Study Group suggestions

Learning is much, much easier if you have a support group of people in the same situation. I strongly recommend that you find other learners and work alongside them. 

The other massive benefit is that employers will want to assess your teamwork abilities. The work you do with your study group gives you examples that you can share in an interview; How did you split work between team members? Where did you have disagreements and how did you resolve them? How did you help a team member who was having trouble understanding a concept?

How do you find people to study with?

Post on LinkedIn that you are planning to do the course, and ask who’d like to do it with you. Ask in the LinkedIn Learning UX Learning Group. Ask in other forums (there’s a list in the Resources section). Use the #UXsyllabus hashtag. You can also search for all other posts that use it (just type the hashtag into the search field) and see who else is looking for the same thing. Find a local meetup and ask there.

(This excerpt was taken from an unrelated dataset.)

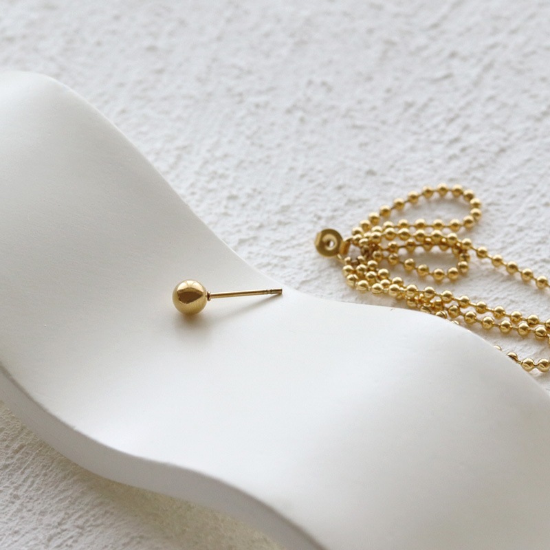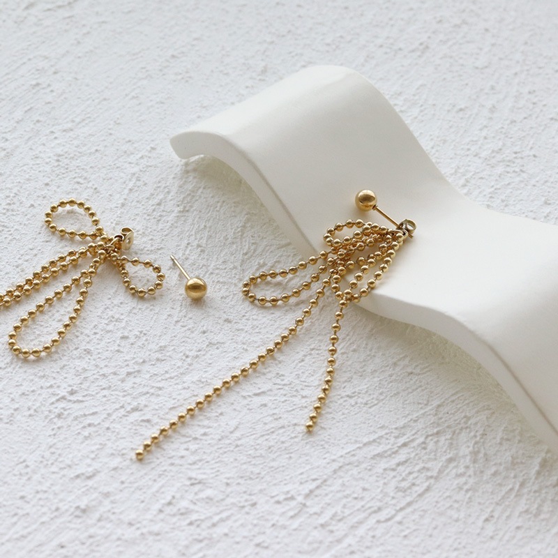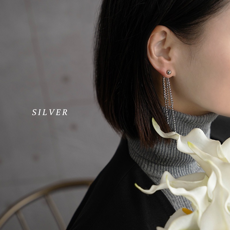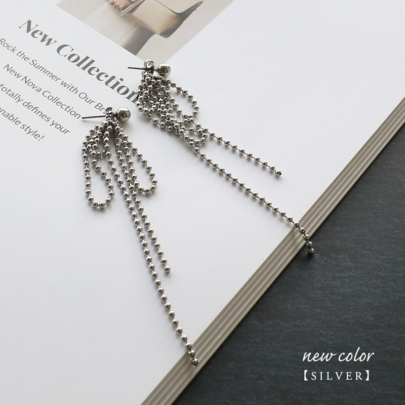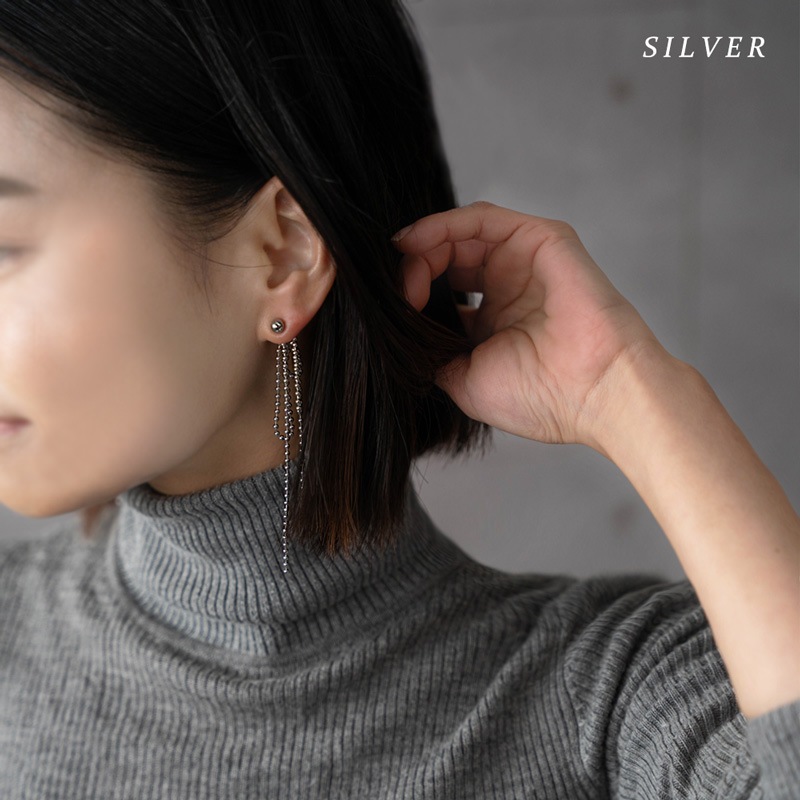 キャッチ側にリボンのように垂れ下がるボールチェーンをセットしたとってもオシャレなデザイン!

It can be scary working with strangers, but let’s face it, you’d be doing the same thing on any other course and you’ll have to get used to working with people who are different from you when you start in industry. 

What size study group?

A group of 4 people is ideal. More than 8, and it gets hard for everyone to contribute. Even just having one study buddy is better than working alone!

How should you work together?

If possible, agree to watch each course in the same time period, and set a date when you’ll do a group discussion of what you learned. For each course:

  • Agree a date/time for the discussion in advance, so everyone has a deadline.
  • Watch the course on your own. Take written notes as you watch. Writing makes you process the information at a deeper level. It’s OK to pause the video so you have time to write all you want.
  • Structure the discussion. Use a shared document or whiteboard/stickynotes app to list the course chapters, and talk about the key takeaways from each chapter in turn.
  • After the structured discussion, talk about how you could apply this knowledge in real life. Linking the new knowledge to real events helps you to internalize it. For instance, is there a situation you’ve already experienced where the particular skill would have been useful? Or for more theoretical courses, can you think of real-world examples where you see that concept applied (or where it should be applied but isn’t). 
  • If someone in the group had trouble with a concept, try to help them understand it by using other examples. If you can teach someone else the concept, it shows you’ve learned it!

For projects, you can either work together on each step of the project, or you can work individually and report back to the group in a similar manner to the course discussions. 

  • Some projects are better suited to a group with varied skill sets. Because everyone in your study group is learning UX skills, it might be better to do this type of project with a different set of people and then report back to your study group and share experiences.
  • Some projects are UX-specific, and you can either pair up (useful because this is what happens often in industry) or work individually and report back.